::: RECORDS SHOWN

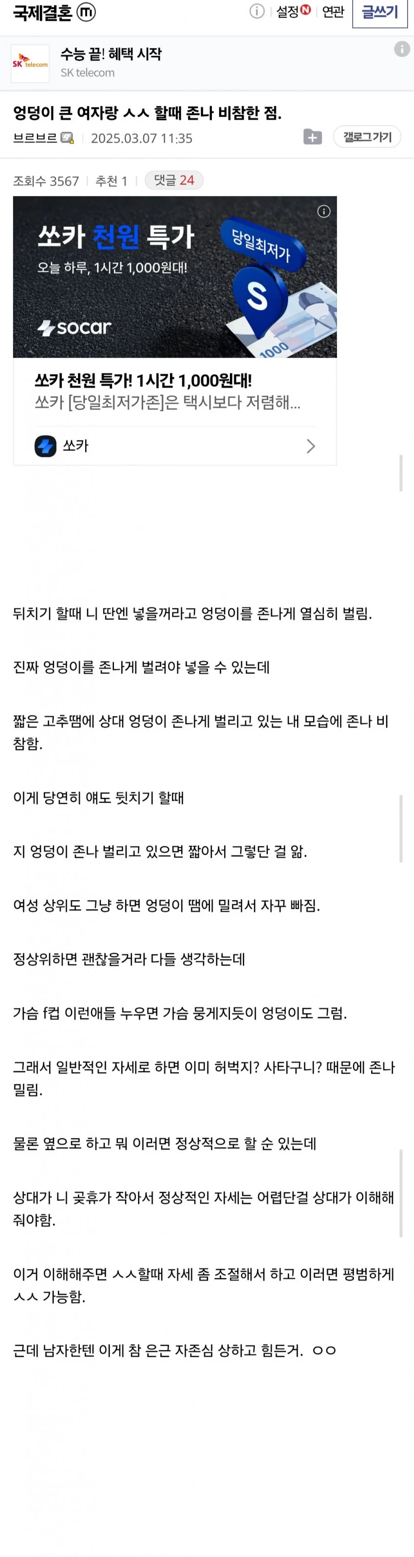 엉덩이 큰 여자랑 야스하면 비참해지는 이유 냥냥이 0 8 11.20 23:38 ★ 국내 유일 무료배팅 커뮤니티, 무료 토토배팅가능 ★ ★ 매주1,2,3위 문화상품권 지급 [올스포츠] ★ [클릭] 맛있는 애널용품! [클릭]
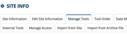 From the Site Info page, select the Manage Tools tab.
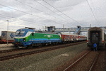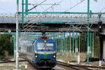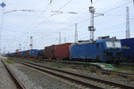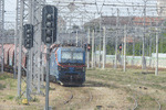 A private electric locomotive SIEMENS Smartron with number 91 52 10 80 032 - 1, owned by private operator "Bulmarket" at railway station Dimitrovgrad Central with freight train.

::::::
::: RECORDS SHOWN

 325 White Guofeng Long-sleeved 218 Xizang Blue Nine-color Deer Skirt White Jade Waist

::::::
::: RECORDS SHOWN

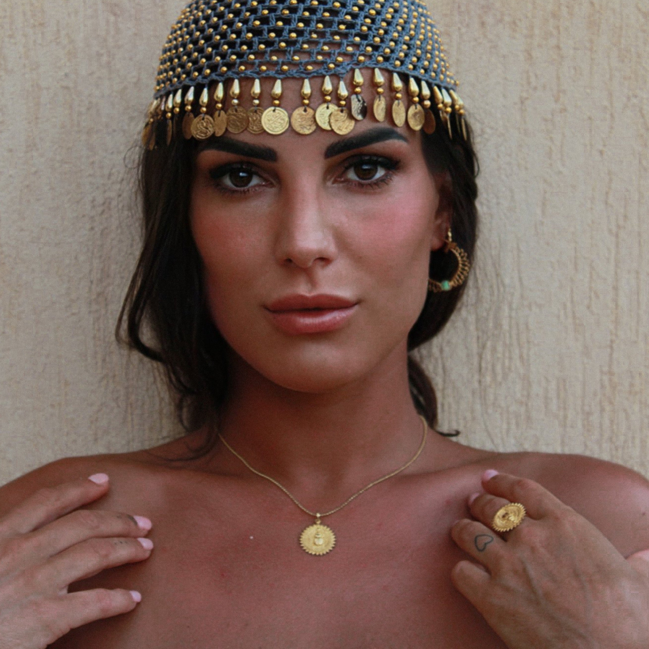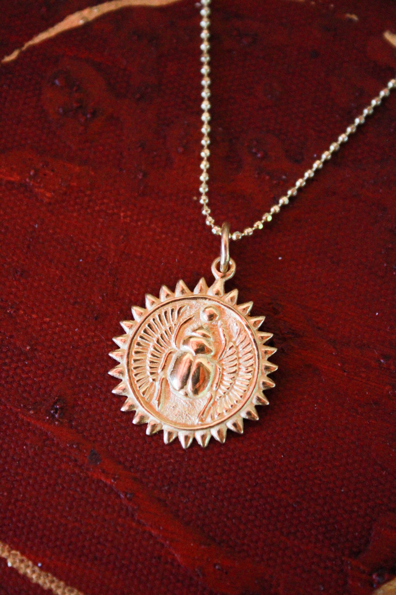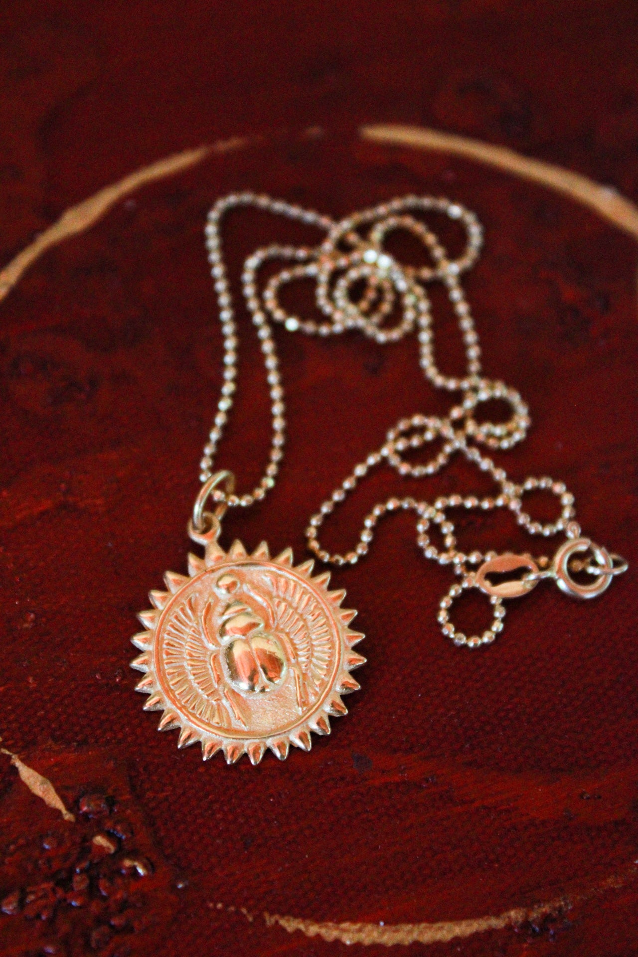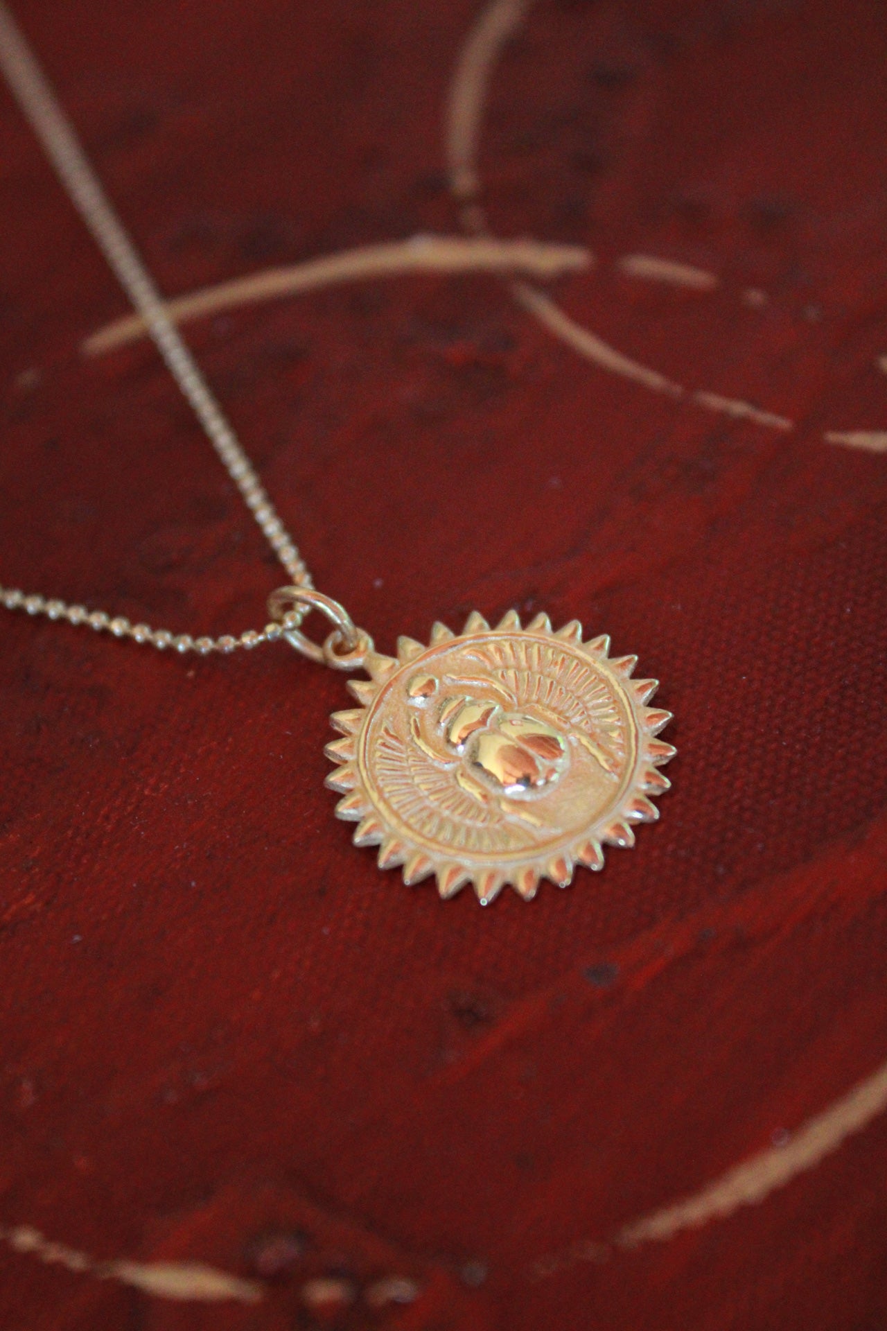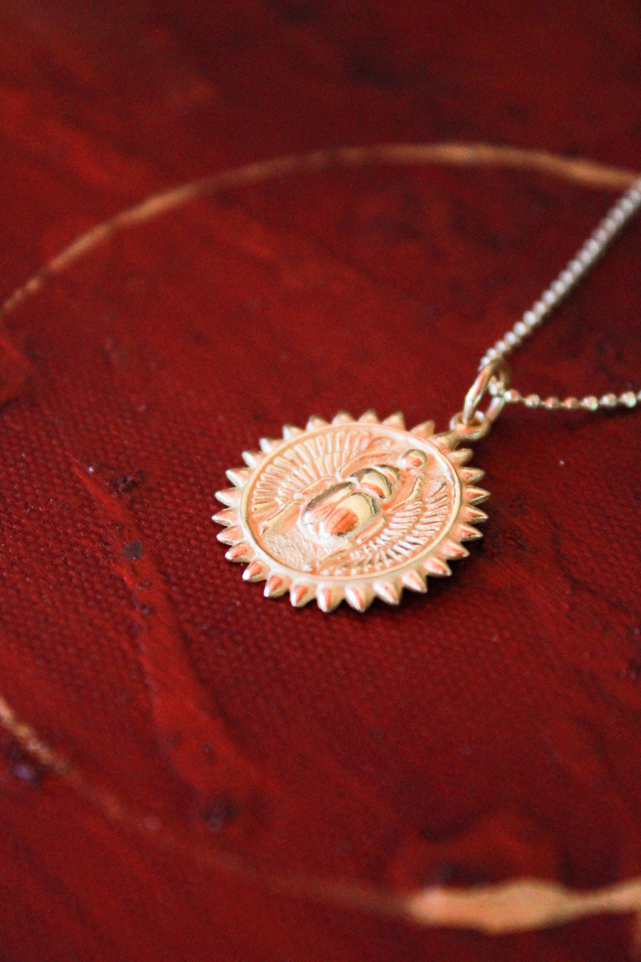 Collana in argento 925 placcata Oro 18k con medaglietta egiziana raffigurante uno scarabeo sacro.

::::::

## HOW TO COMPLETE THIS TASK
Going by the data above, the answer is exactly the lines from the one holding "엉덩이 큰 여자랑 야스하면" to the one holding "A private electric", both kept, with the pictures left out.

## SOLVED PROBLEM
 엉덩이 큰 여자랑 야스하면 비참해지는 이유 냥냥이 0 8 11.20 23:38 ★ 국내 유일 무료배팅 커뮤니티, 무료 토토배팅가능 ★ ★ 매주1,2,3위 문화상품권 지급 [올스포츠] ★ [클릭] 맛있는 애널용품! [클릭]
 From the Site Info page, select the Manage Tools tab.
 A private electric locomotive SIEMENS Smartron with number 91 52 10 80 032 - 1, owned by private operator "Bulmarket" at railway station Dimitrovgrad Central with freight train.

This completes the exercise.